The PBCL provides that the indemnification described above shall not be
deemed exclusive of other indemnification that may be granted by a corporation
pursuant to its By-Laws, disinterested directors' vote, shareholders' vote,
agreement or otherwise; provided that the indemnification shall not be made in
--------
any case where the act or failure to act giving rise to the claim for
indemnification is determined by a court to have constituted willful misconduct
or recklessness.
The PBCL also empowers corporations to purchase and maintain insurance on
behalf of any person who is or was a representative of the corporation, or is or
was serving at the request of the corporation as a representative for another
corporation, partnership, joint venture, trust or other enterprise against any
liability asserted against him in any such capacity, or arising out of his
status as such, whether or not the corporation would have the power to indemnify
him against such liability as described above.

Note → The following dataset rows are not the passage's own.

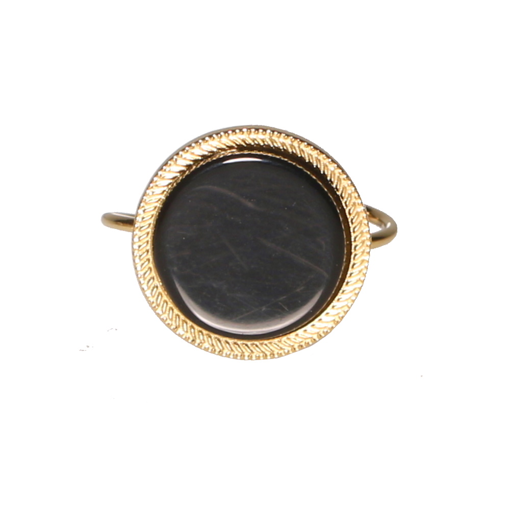 Description Bague en acier doré sertie d'une pastille de couleur noire. Taille ajustable. Cliquez sur une matière, un thème, une couleur ou une collection pour voir tous les articles associés.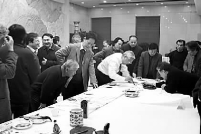 2月3日,全国政协委员书画家迎春联谊会在全国政协礼堂举行,20多位艺术家委员欢聚一堂,共同探讨中国书画艺术发展方向。本报通讯员忻跃摄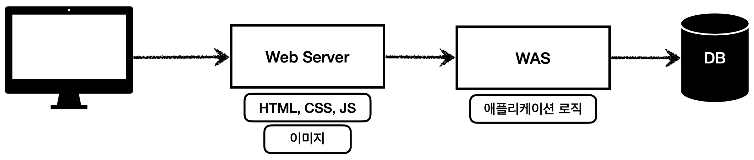 - WAS는 중요한 애플리케이션 로직 처리를 전담한다.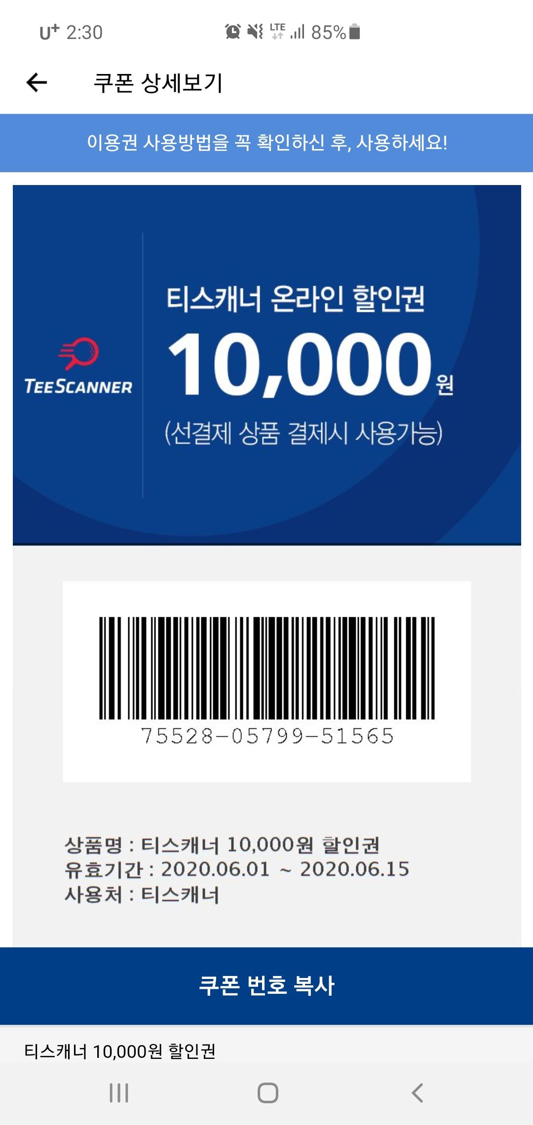 티스캐너 1만원할인권 15일까지 쓰세요 > 골프포럼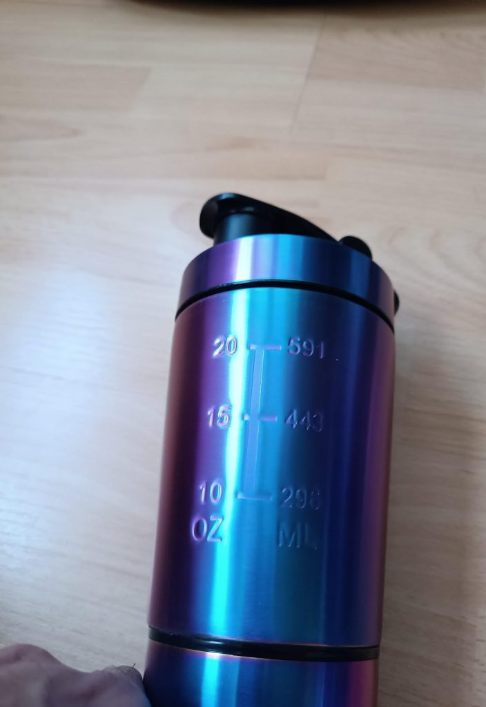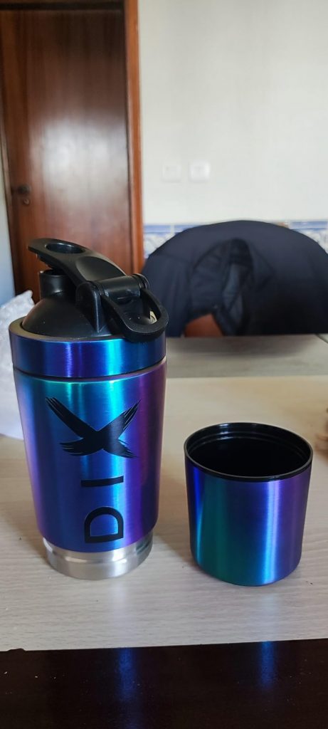 Mon fils était à la recherche d’un shaker pour ses boissons protéinées lors de ses séances d’entraînement, et nous avons déniché le shaker parfait ! Avec une capacité de 750 ml, il est idéal pour les boissons protéinées ou simplement de l’eau. Ce shaker est vraiment pratique, car le bas se dévisse pour y mettre une dose de poudre (jusqu’à 60 g), ce qui permet de le transporter en toute sécurité jusqu’au moment de préparer la boisson. Il dispose d’une petite anse qui facilite la prise en main et se ferme très bien, garantissant qu’il ne s’ouvrira pas dans le sac de sport. Fabriqué en acier inoxydable et sans BPA, il est rassurant à utiliser. La solidité de l’acier inoxydable lui permet de résister à une utilisation fréquente, ce qui est préférable au plastique. En plus, il est très esthétique avec sa belle couleur bleue irisée. Pour mon fils, c’est le shaker idéal à avoir lors de ses activités sportives.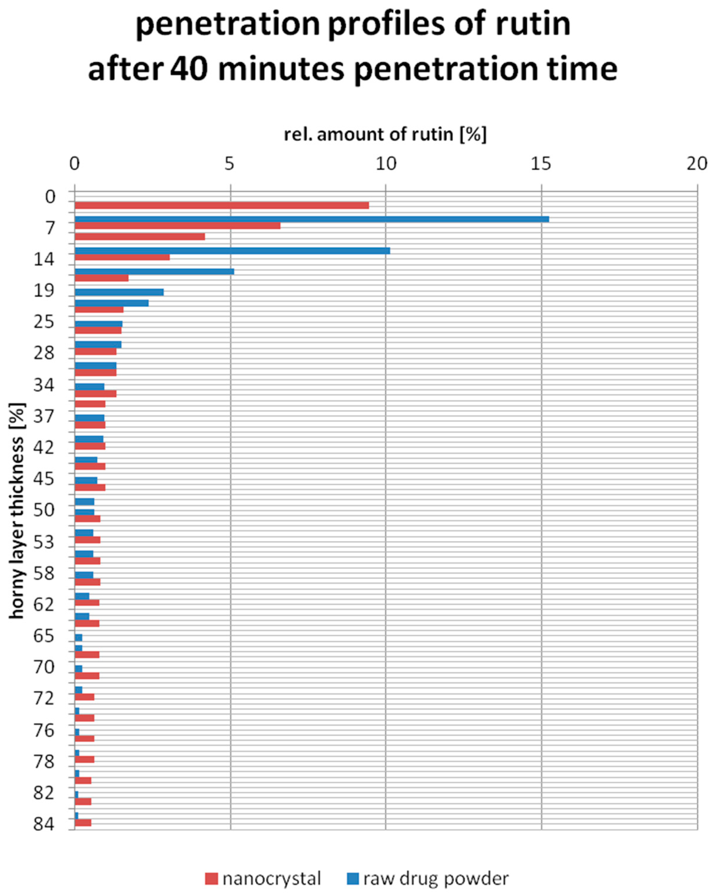 No difference in penetration depth was investigated between both formulations since the used 30 tapes only removed approximately 84% [16] of the whole stratum corneum. However, the course of the penetration curve suggests that the penetration depth would have been deeper for the rutin nanocrystal gel.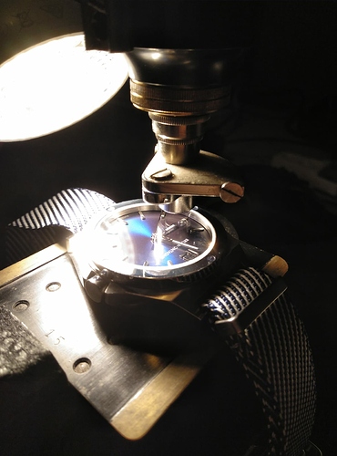 Dit staat grappig genoeg redelijk in contrast met de ietwat (microscopisch) ravelige randen van de wijzers. Ook de stippen op de bezel hebben duidelijk ook al een zwaar leven gehad. De bedrukking is echter wel weer erg netjes! Kortom: erg netjes gezien de prijsklasse! Vette schouderklok voor @Brunmontagne!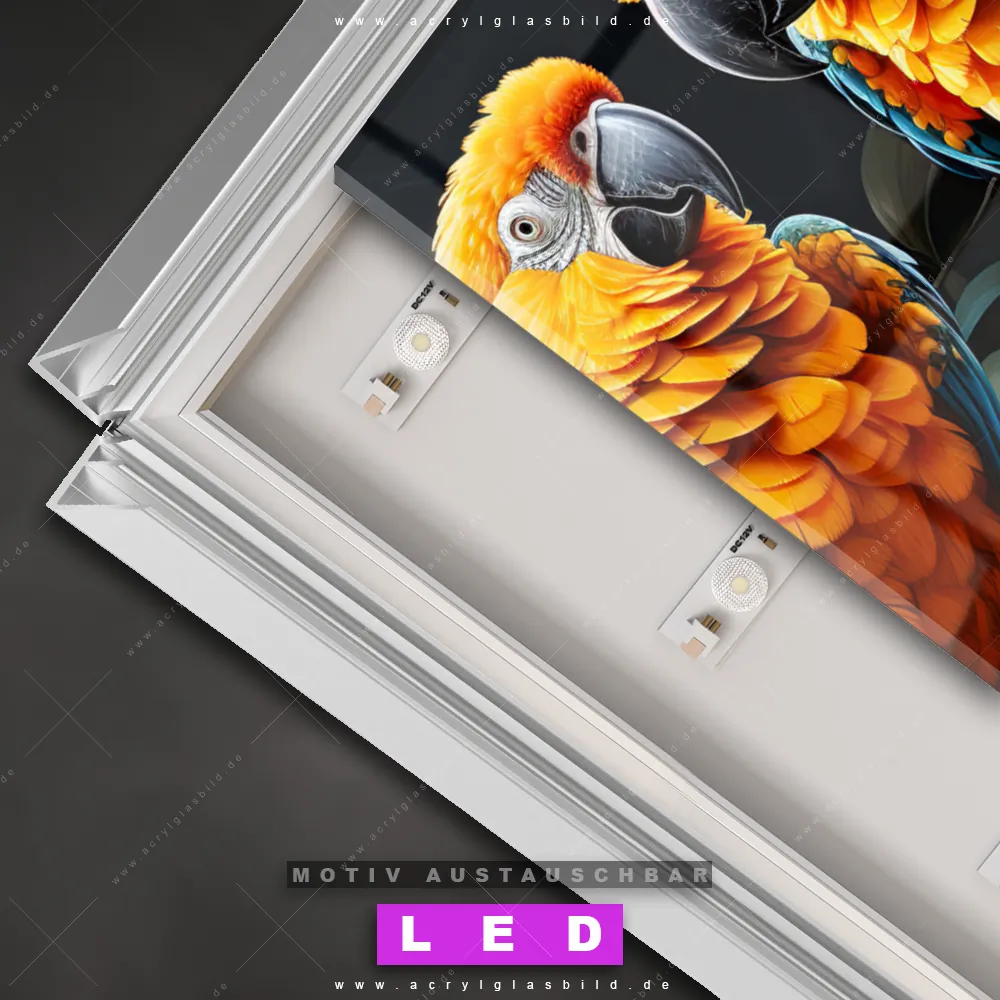 Na, worauf wartest du noch? Mach deine Wände zum Star der Show und bestelle jetzt das Canvalight® DIA LED Acrylglasbild Bunte Vögel im Regenwald. Deine Wände werden es dir danken und deine Freunde werden dank der wechselbaren Motive vor Neid platzen!

The Articles of Incorporation of CoreStates Financial Corp (the
"Registrant") provide that no director or officer of the Registrant, as such,
shall be personally liable to the Registrant or its shareholders for monetary
damages for any action taken, or any failure to take any action, except where
the director or officer (a) has breached or failed to perform the duties of his
or her office under the Registrant's Articles of Incorporation, By-laws or
applicable provisions of law and such breach or failure to perform constitutes
self-dealing, wilful misconduct or recklessness, (b) is responsible or liable
pursuant to a criminal statute or (c) is responsible or liable for the payment
of taxes pursuant to local, state or federal law.
Pursuant to the Registrant's By-laws, the Registrant is obligated to
indemnify an Indemnified representative (as defined below) against any Liability
(as defined below) incurred in connection with any Proceeding (as defined below)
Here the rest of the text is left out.